─── STUDY MATERIAL ───
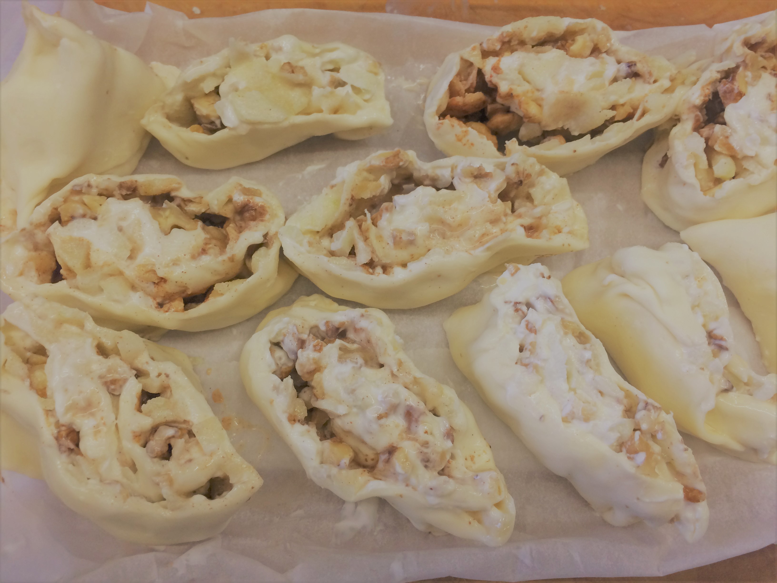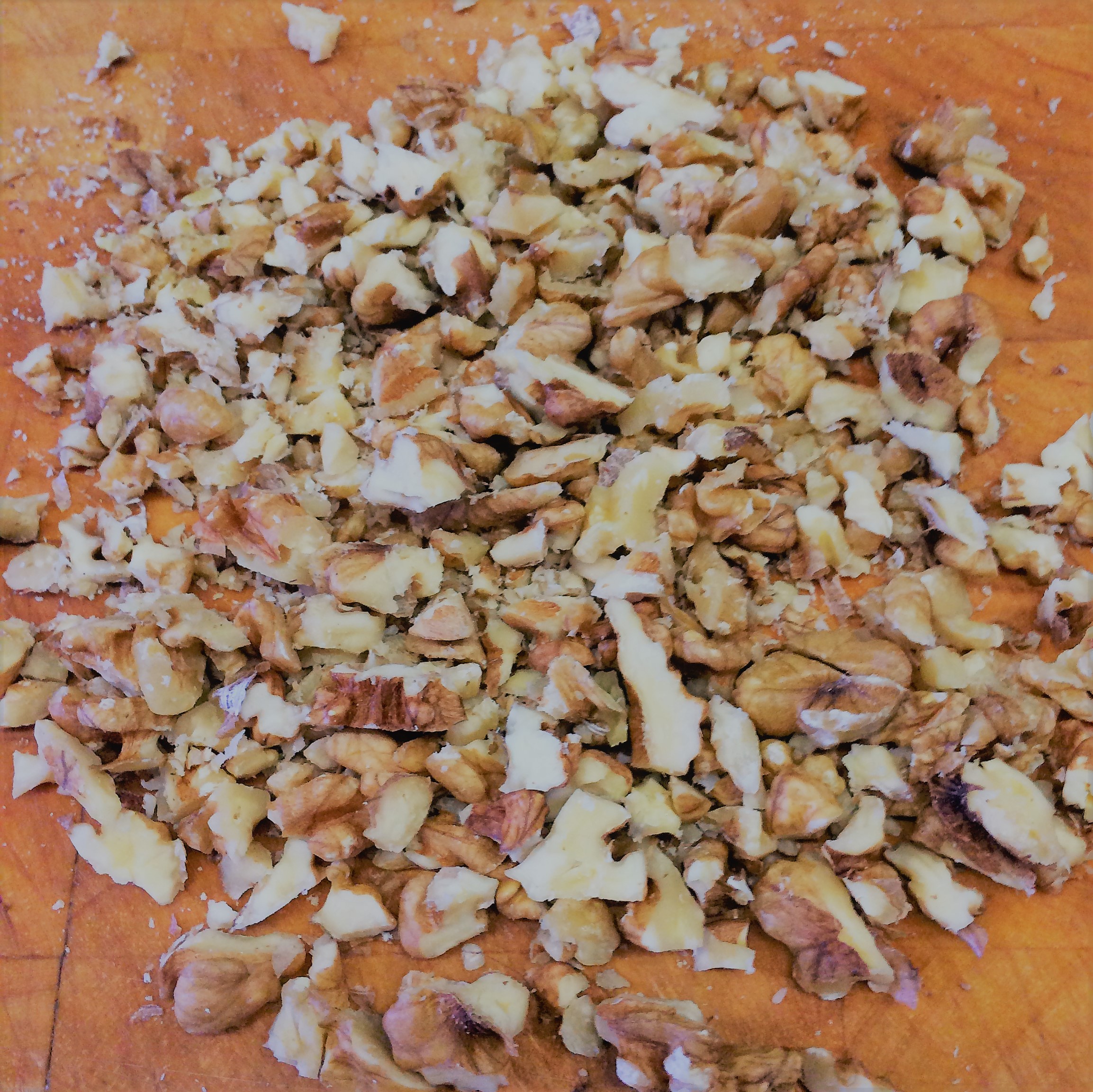 - hak de walnoten in stukjes en verdeel over het deeg
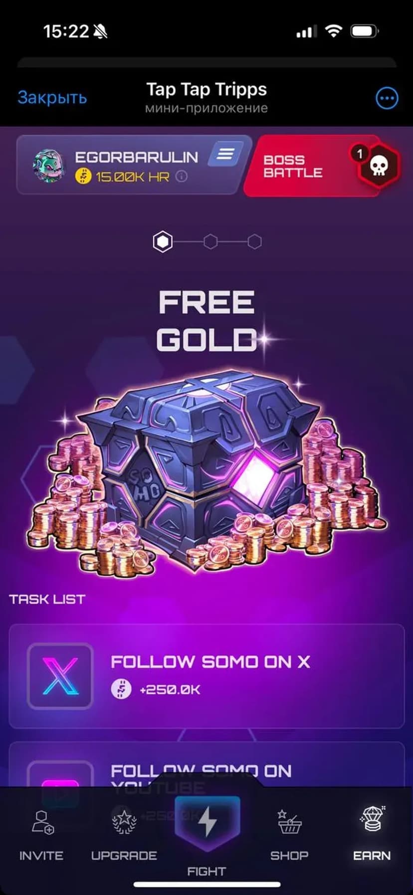 Tap Tap Tripps — первая игра трилогии SOMO. Простая и доступная мини-игра, где игроки накапливают внутриигровое золото и получают токен $SOMO за выполнение элементарных игровых действий.
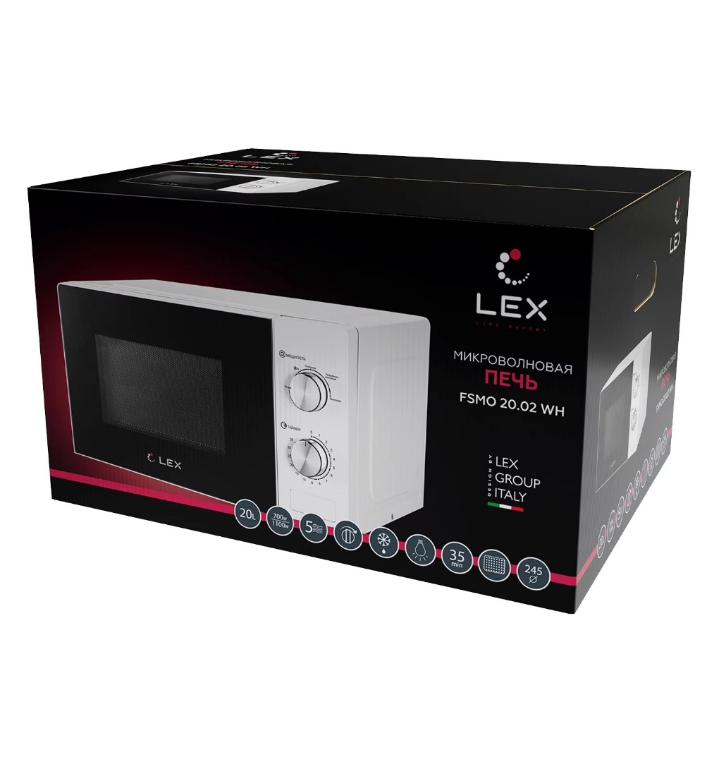 Печь с объемом 20 л имеет потребляемую мощность 1100 Вт и механическое управление. Есть и удобный режим разморозки, и таймер, рассчитанный на 35 минут.
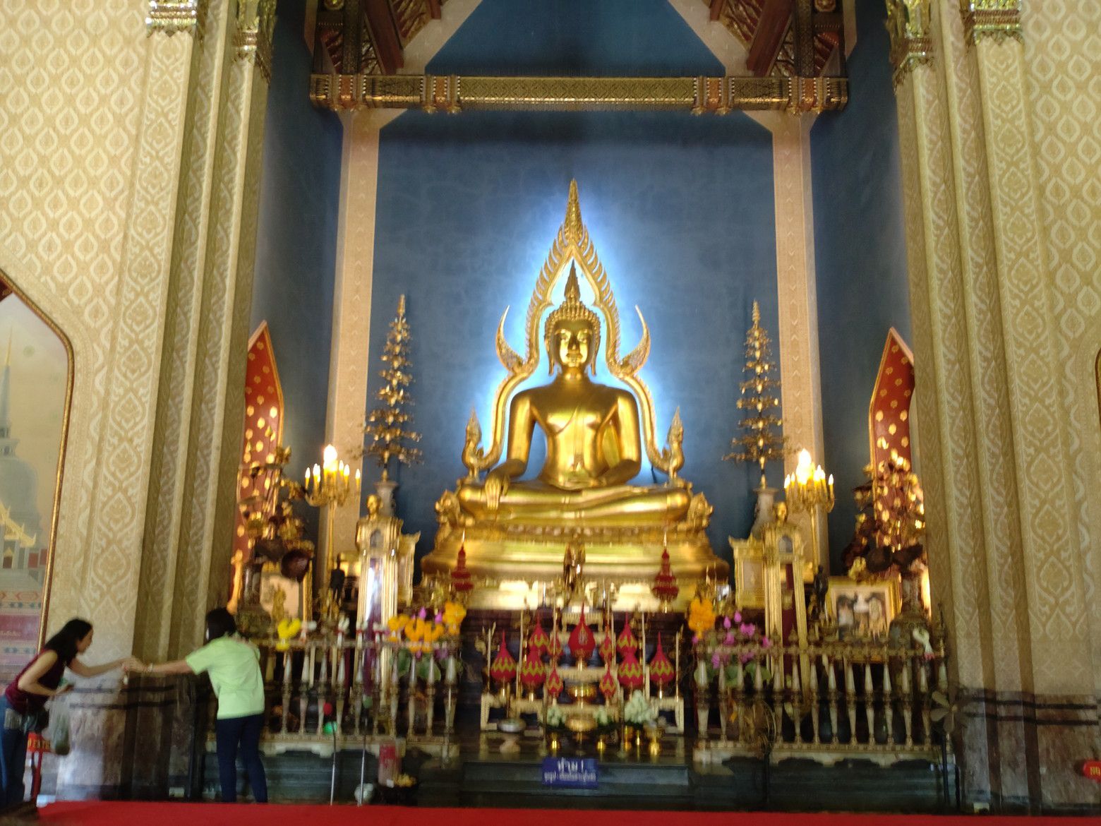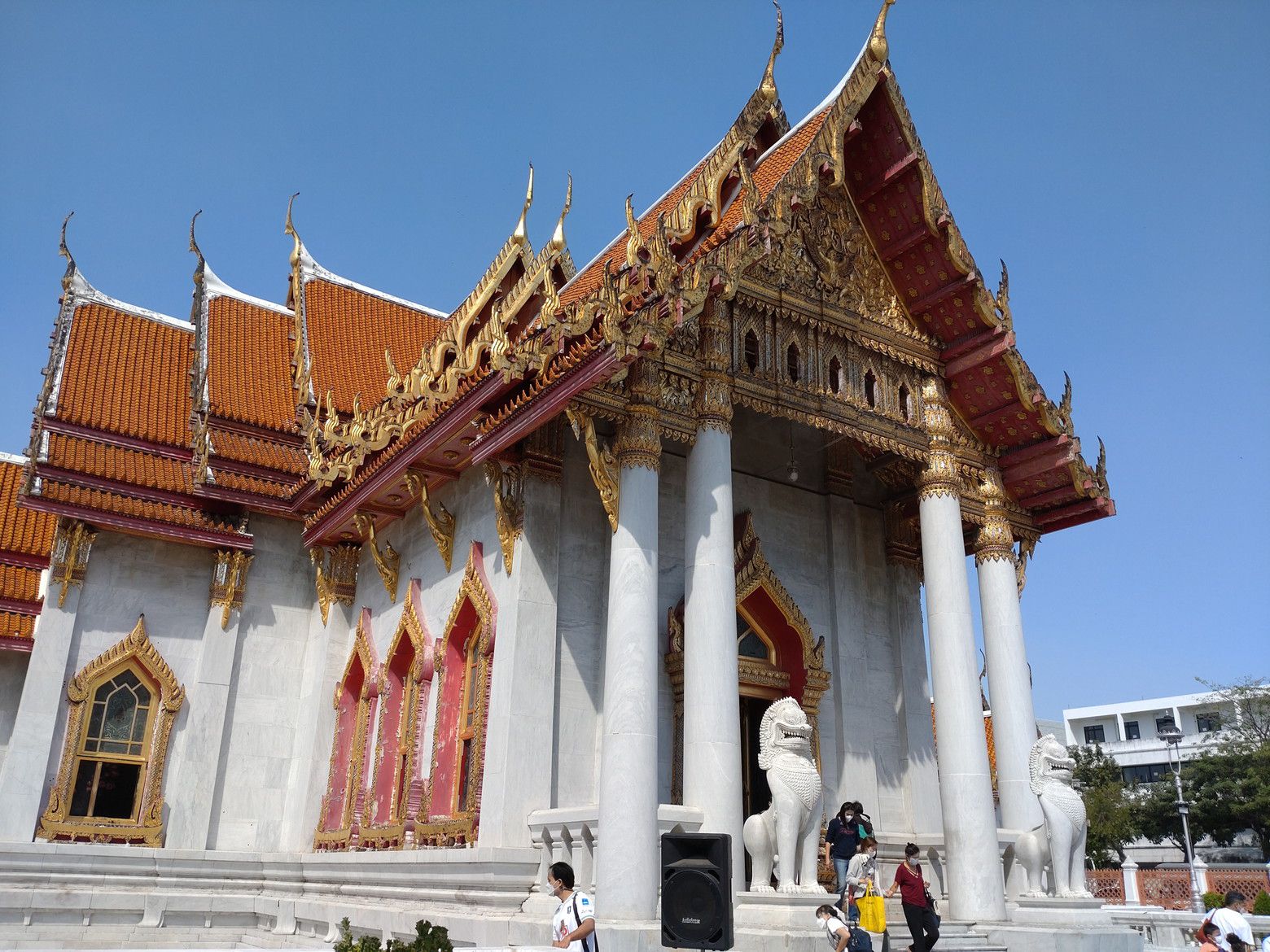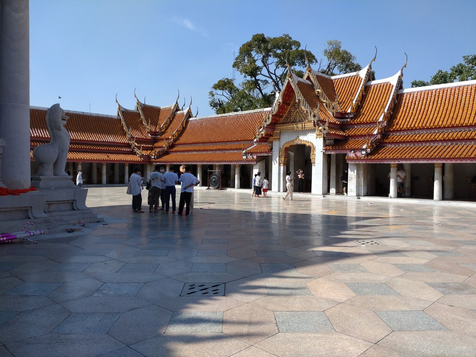 若干、方向音痴もあり、迷いながら5キロを歩きました。 中に入ると、大勢の訪問客でした。 綺麗なお寺でした。 入場料は、50バーツとの事前調査でしたが、この日は元日だからなのか、入り口の切符売り場は閉鎖されていました。 西洋人の団体観光客も居ました。
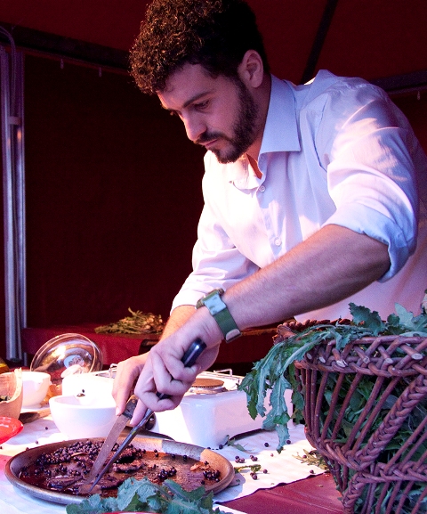 Lo chef Simone Acquarelli incontra l’artista visiva e performer Cinzia Fiaschi creando dal vivo un piatto a base di tartufo, la visual performer interagirà con lui esaltando su tela le emozioni da cui nasce il piatto.
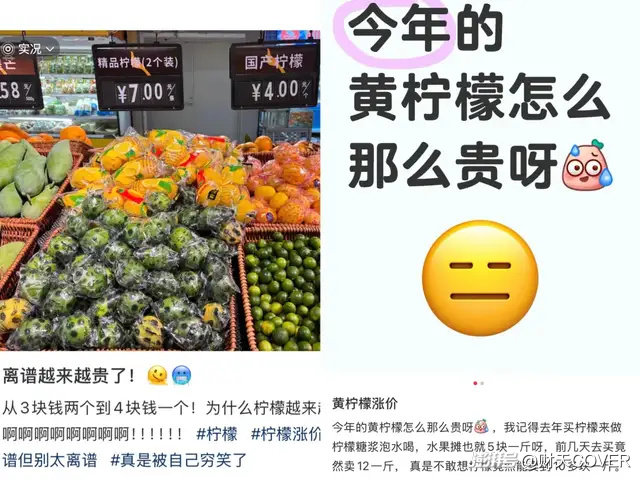 “今年柠檬涨价太明显了。去年买了四川安岳黄柠檬,两个只有2.99元,今年变成了7.99元。”“为什么今年柠檬这么贵?记得去年在水果摊买了5块钱/斤。前几天买了12块钱/斤。我真的不敢想有一天柠檬会卖到10块钱以上。”“去年在电商平台花了15块钱买了5斤柠檬,今年打开链接需要55块钱。我的天塌了...很多人在社交媒体平台上吐槽柠檬价格昂贵。
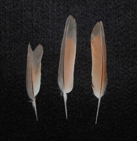 J'ai cru identifier que c'était des plumes des ailes, je doute sur une (la plus grande) car il y a pas mal de duvet a la base ~
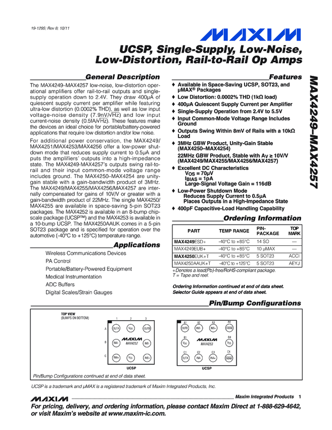 MAX4249, MAX4250, MAX4251, MAX4252, MAX4253, MAX4254, MAX4255, MAX4256, MAX4257 UCSP, Single-Supply, Low-Noise, Low-Distortion, Rail-to-Rail Op Amps
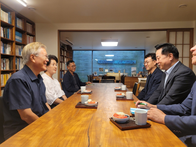 문재인 전 대통령이 11일 더불어민주당 8·18 전당대회 당대표 경선에 출마한 김두관 전 의원을 만났다. 문 전 대통령은 김 전 의원의 출마에 대해 “용기 있는 결단”이라며 “민주당에 도움이 될 것”이 격려했다.
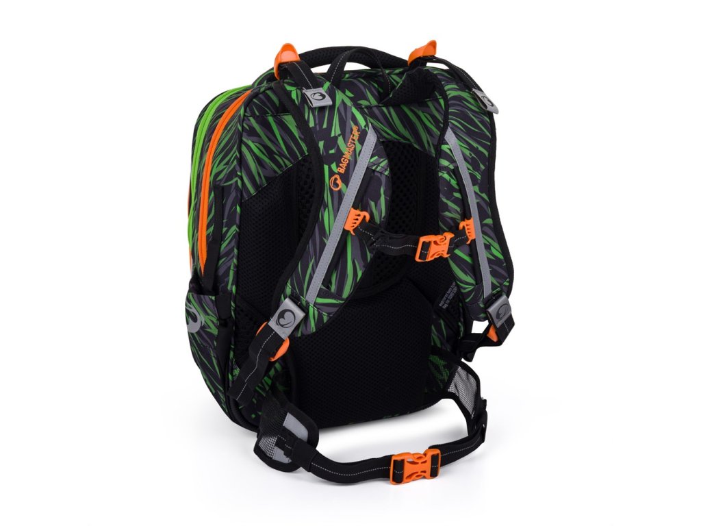 - Ramenní popruhy i zádový systém jsou měkce polstrované. Popruhy se nastavují pomocí horních a dolních plastových spon. Je třeba upravovat délku podle toho, jak školák roste. Konce popruhů jsou magnetické. Aby neblincaly, jednoduše je magnetem připnete nad plastovou sponu.
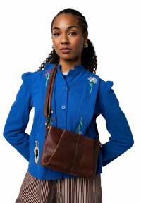 Veste bleue boutonnée avec broderie florale et sac bandoulière en cuir marron. Pantalon rayé avec un design simple et légèrement brillant.
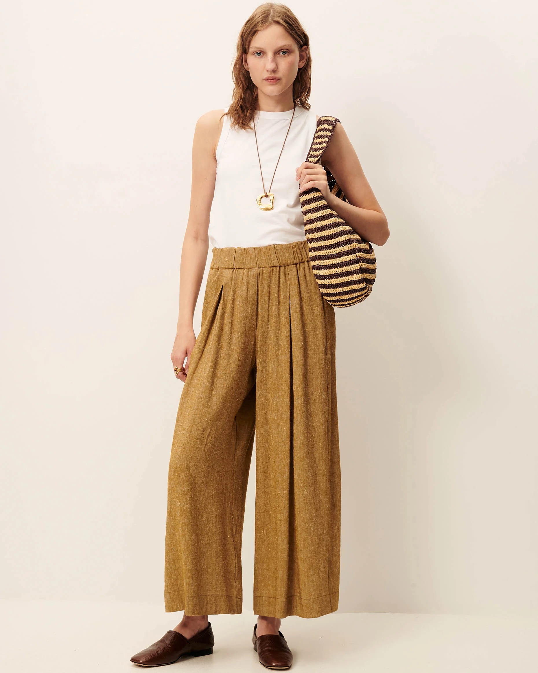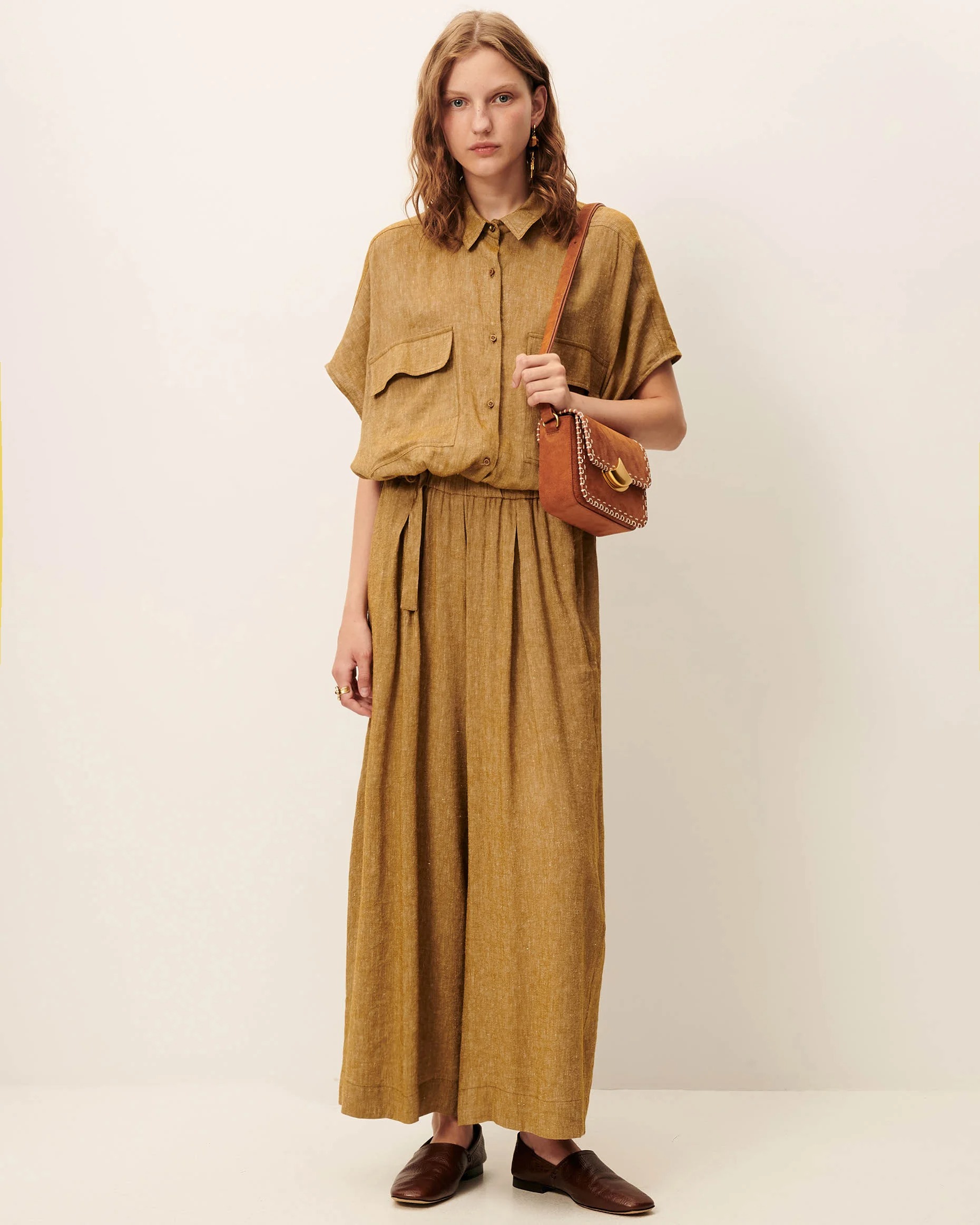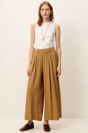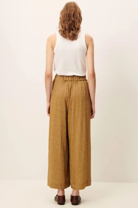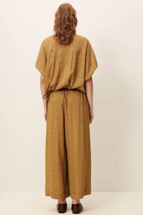 Pantalón femenino de estilo relajado y contemporáneo confeccionado en una mezcla de lino y viscosa que aporta ligereza, fluidez y frescura. Su diseño minimalista y natural refleja la esencia de la marca, ideal para crear looks cómodos y sofisticados.
───
§ **WHAT IS EXPECTED**: In the copy, omit the pictures and give every line of the data exactly.

§ **EXERCISE RESULT**:
 - hak de walnoten in stukjes en verdeel over het deeg
 Tap Tap Tripps — первая игра трилогии SOMO. Простая и доступная мини-игра, где игроки накапливают внутриигровое золото и получают токен $SOMO за выполнение элементарных игровых действий.
 Печь с объемом 20 л имеет потребляемую мощность 1100 Вт и механическое управление. Есть и удобный режим разморозки, и таймер, рассчитанный на 35 минут.
 若干、方向音痴もあり、迷いながら5キロを歩きました。 中に入ると、大勢の訪問客でした。 綺麗なお寺でした。 入場料は、50バーツとの事前調査でしたが、この日は元日だからなのか、入り口の切符売り場は閉鎖されていました。 西洋人の団体観光客も居ました。
 Lo chef Simone Acquarelli incontra l’artista visiva e performer Cinzia Fiaschi creando dal vivo un piatto a base di tartufo, la visual performer interagirà con lui esaltando su tela le emozioni da cui nasce il piatto.
 “今年柠檬涨价太明显了。去年买了四川安岳黄柠檬,两个只有2.99元,今年变成了7.99元。”“为什么今年柠檬这么贵?记得去年在水果摊买了5块钱/斤。前几天买了12块钱/斤。我真的不敢想有一天柠檬会卖到10块钱以上。”“去年在电商平台花了15块钱买了5斤柠檬,今年打开链接需要55块钱。我的天塌了...很多人在社交媒体平台上吐槽柠檬价格昂贵。
 J'ai cru identifier que c'était des plumes des ailes, je doute sur une (la plus grande) car il y a pas mal de duvet a la base ~
 MAX4249, MAX4250, MAX4251, MAX4252, MAX4253, MAX4254, MAX4255, MAX4256, MAX4257 UCSP, Single-Supply, Low-Noise, Low-Distortion, Rail-to-Rail Op Amps
 문재인 전 대통령이 11일 더불어민주당 8·18 전당대회 당대표 경선에 출마한 김두관 전 의원을 만났다. 문 전 대통령은 김 전 의원의 출마에 대해 “용기 있는 결단”이라며 “민주당에 도움이 될 것”이 격려했다.
 - Ramenní popruhy i zádový systém jsou měkce polstrované. Popruhy se nastavují pomocí horních a dolních plastových spon. Je třeba upravovat délku podle toho, jak školák roste. Konce popruhů jsou magnetické. Aby neblincaly, jednoduše je magnetem připnete nad plastovou sponu.
 Veste bleue boutonnée avec broderie florale et sac bandoulière en cuir marron. Pantalon rayé avec un design simple et légèrement brillant.
 Pantalón femenino de estilo relajado y contemporáneo confeccionado en una mezcla de lino y viscosa que aporta ligereza, fluidez y frescura. Su diseño minimalista y natural refleja la esencia de la marca, ideal para crear looks cómodos y sofisticados.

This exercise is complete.